## [Required action]
Without any of the pictures, set down the data below exactly.
[Provided data Boundary: Start]
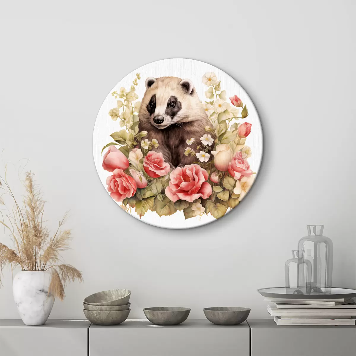 Okrągły obraz Portret borsuka w różowych akwarelach z różami vintage Nr r40094
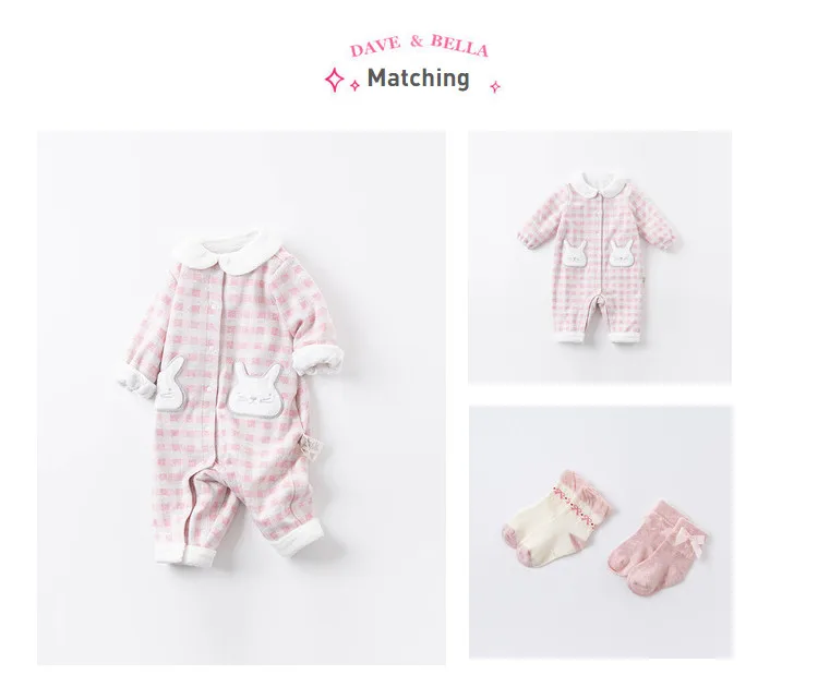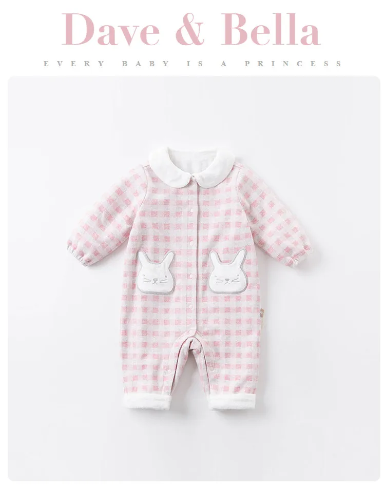 Dave bellaDBM14398; Модные зимние комбинезоны в клетку с рисунком для новорожденных девочек; Одежда для малышей; Детский комбинезон; 1 предмет
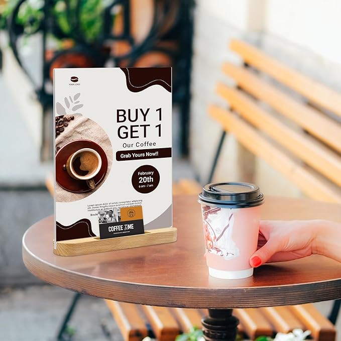 - Wooden acylic Sign Holder Dimensions: 8 1/2”W x 11”H Vertical.Business Card Holder:3 11/16”W x 1/2”H x 1/2”D(holds 25 standard business cards),The heavy duty wooden base is heavier and suitable for indoor and outdoor use.
[Provided data Boundary: End]
## [Your solution]
 Okrągły obraz Portret borsuka w różowych akwarelach z różami vintage Nr r40094
 Dave bellaDBM14398; Модные зимние комбинезоны в клетку с рисунком для новорожденных девочек; Одежда для малышей; Детский комбинезон; 1 предмет
 - Wooden acylic Sign Holder Dimensions: 8 1/2”W x 11”H Vertical.Business Card Holder:3 11/16”W x 1/2”H x 1/2”D(holds 25 standard business cards),The heavy duty wooden base is heavier and suitable for indoor and outdoor use.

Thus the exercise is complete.